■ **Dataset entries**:
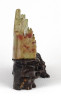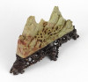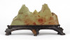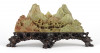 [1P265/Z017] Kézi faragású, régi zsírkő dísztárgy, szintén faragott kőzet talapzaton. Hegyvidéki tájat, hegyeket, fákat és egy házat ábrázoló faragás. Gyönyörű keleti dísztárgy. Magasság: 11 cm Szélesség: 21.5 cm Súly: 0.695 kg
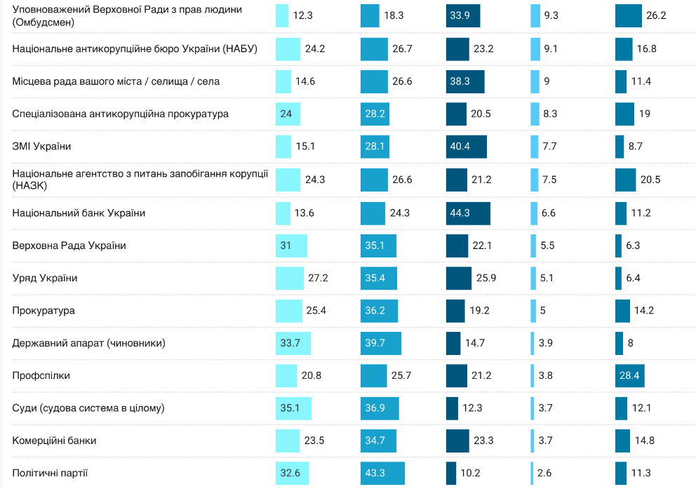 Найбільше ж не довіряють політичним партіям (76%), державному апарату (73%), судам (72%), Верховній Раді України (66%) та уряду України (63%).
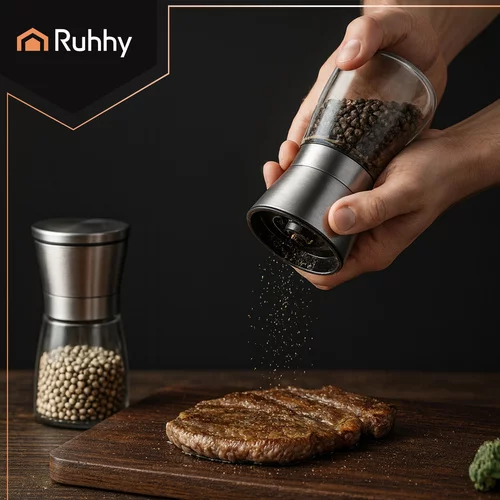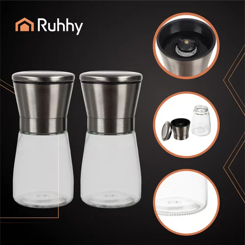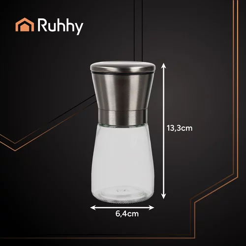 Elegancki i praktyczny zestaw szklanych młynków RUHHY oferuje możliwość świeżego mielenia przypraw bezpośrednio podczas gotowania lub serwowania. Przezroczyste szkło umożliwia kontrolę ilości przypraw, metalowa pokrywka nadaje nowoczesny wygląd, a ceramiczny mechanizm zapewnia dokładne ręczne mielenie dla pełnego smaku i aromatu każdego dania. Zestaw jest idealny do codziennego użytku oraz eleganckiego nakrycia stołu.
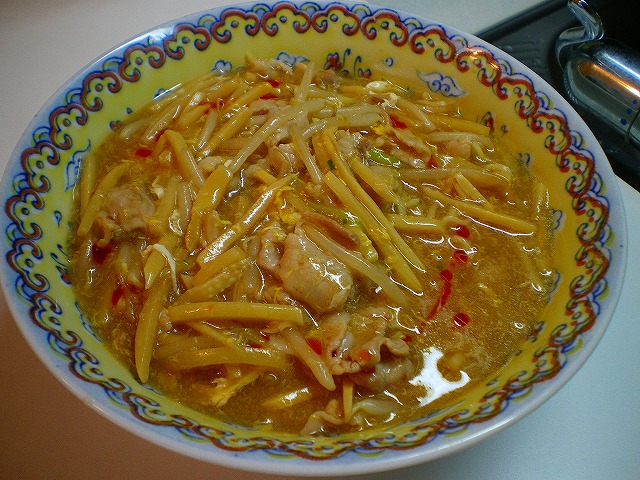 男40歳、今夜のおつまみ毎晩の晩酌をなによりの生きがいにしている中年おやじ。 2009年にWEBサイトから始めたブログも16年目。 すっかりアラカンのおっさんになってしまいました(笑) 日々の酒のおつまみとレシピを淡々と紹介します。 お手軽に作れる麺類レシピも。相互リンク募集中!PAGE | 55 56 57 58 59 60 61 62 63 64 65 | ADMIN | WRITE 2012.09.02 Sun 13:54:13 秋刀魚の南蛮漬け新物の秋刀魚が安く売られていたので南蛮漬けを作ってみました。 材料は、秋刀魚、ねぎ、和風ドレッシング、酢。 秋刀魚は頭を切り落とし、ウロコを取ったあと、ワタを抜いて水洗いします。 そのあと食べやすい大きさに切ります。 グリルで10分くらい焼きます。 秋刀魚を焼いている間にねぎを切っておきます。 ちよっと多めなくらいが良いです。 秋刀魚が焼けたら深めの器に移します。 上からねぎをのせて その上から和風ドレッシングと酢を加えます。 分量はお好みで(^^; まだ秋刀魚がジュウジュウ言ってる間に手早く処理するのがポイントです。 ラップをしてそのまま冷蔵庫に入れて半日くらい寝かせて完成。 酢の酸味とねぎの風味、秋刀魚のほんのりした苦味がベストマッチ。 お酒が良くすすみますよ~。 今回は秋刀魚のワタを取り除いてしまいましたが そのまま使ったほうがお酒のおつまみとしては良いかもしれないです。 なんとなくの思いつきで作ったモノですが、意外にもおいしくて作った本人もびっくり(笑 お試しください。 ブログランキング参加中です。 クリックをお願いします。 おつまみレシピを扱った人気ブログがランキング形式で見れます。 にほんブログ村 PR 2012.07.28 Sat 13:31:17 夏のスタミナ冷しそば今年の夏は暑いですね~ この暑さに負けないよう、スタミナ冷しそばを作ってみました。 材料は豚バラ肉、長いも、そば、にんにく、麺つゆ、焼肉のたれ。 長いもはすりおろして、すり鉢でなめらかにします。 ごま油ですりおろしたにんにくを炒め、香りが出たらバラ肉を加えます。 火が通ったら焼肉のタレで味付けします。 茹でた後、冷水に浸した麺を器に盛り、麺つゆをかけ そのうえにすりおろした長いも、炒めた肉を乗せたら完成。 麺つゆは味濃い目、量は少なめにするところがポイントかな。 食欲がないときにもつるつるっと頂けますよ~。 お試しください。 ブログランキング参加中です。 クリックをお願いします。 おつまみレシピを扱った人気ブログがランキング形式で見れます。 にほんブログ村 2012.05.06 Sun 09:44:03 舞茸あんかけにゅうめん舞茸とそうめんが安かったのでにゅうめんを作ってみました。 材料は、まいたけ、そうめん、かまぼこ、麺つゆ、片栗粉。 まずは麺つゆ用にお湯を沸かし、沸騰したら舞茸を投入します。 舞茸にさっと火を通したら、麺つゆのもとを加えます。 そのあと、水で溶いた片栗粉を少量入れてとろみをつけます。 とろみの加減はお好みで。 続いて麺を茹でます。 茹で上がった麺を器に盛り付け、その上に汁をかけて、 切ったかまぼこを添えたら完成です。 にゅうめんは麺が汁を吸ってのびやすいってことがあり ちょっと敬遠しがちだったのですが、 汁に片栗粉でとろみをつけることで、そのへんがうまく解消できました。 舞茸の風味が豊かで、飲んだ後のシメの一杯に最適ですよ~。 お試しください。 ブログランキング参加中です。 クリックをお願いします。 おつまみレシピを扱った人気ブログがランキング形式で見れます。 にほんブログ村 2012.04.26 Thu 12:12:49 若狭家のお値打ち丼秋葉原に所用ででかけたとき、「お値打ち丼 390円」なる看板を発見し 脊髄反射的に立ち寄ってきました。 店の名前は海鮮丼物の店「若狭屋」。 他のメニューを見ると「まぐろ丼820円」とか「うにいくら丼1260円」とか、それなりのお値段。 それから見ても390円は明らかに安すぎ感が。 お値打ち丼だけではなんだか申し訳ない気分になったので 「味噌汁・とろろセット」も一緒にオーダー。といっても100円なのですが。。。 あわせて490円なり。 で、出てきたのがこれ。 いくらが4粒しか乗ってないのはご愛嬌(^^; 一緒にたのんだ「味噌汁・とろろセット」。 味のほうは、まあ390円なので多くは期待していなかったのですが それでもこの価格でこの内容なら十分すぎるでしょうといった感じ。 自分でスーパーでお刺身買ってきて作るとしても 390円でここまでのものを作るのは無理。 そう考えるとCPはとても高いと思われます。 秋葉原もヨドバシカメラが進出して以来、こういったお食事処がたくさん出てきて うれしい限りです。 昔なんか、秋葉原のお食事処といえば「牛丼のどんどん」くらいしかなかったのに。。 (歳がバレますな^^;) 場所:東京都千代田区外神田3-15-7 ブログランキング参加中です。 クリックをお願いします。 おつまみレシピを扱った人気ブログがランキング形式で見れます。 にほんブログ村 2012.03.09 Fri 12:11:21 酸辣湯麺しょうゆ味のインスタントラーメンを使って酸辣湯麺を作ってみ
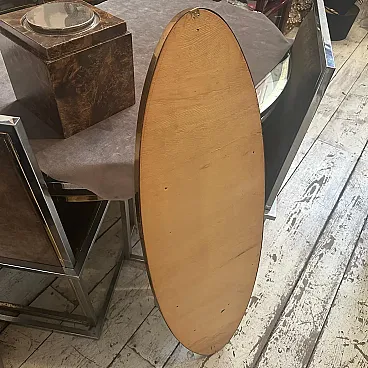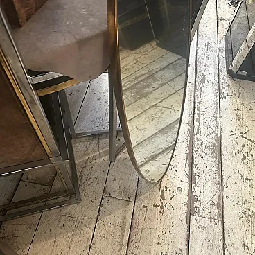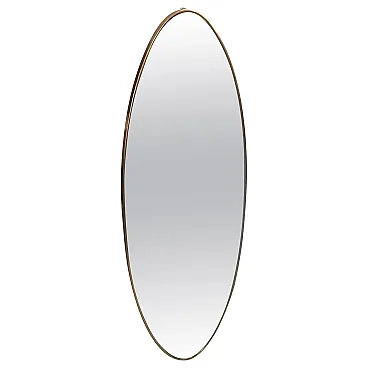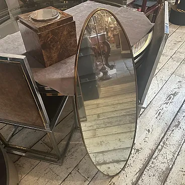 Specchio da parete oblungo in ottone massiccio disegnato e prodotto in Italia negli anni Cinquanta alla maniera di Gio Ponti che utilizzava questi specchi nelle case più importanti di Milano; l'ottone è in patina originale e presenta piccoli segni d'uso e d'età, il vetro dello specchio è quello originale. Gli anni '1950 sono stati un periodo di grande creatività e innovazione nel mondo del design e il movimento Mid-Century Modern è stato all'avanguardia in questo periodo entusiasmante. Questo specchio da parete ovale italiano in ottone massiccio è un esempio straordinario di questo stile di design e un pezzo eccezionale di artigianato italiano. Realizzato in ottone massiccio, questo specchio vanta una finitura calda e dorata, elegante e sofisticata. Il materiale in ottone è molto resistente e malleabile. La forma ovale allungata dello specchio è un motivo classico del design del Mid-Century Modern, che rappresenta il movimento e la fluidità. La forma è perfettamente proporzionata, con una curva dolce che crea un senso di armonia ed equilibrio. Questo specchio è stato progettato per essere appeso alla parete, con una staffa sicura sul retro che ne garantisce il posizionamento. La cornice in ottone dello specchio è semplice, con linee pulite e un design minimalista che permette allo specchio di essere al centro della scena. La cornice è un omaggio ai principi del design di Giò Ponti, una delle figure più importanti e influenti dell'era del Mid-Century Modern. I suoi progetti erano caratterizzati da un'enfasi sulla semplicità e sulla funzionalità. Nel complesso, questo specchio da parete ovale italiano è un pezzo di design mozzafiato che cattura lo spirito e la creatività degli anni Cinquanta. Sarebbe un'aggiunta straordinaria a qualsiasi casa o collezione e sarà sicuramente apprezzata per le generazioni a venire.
--
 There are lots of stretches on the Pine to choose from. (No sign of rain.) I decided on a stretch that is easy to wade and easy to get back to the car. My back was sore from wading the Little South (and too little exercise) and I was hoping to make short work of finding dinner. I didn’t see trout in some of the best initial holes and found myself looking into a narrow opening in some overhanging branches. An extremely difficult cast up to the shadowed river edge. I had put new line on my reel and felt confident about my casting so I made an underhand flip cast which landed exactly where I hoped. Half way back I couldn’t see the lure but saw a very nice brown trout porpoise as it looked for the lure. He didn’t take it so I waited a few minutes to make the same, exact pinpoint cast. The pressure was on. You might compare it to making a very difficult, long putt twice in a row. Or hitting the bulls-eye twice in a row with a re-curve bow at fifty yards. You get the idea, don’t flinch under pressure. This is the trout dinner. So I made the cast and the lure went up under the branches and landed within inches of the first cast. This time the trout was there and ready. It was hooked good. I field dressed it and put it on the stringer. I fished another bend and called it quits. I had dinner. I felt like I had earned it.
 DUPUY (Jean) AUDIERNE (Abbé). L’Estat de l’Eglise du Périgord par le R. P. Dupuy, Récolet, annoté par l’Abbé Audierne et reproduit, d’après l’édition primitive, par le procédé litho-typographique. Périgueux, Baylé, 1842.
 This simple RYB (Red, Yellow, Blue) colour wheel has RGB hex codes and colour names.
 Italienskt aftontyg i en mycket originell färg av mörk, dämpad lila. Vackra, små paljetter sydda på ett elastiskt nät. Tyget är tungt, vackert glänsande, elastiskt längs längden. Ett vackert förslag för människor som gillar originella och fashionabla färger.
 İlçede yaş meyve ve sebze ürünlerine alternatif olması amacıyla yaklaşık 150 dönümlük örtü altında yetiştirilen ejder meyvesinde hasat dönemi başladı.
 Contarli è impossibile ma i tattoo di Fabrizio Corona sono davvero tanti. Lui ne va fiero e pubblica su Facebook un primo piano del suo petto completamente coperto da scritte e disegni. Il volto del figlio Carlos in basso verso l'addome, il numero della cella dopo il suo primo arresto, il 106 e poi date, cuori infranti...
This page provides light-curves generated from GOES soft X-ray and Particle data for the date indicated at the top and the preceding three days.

■ **Assigned task**:
Count the lines in the records above that hold the word "This", and give only that number.

■ **Reply to the exercise**:
3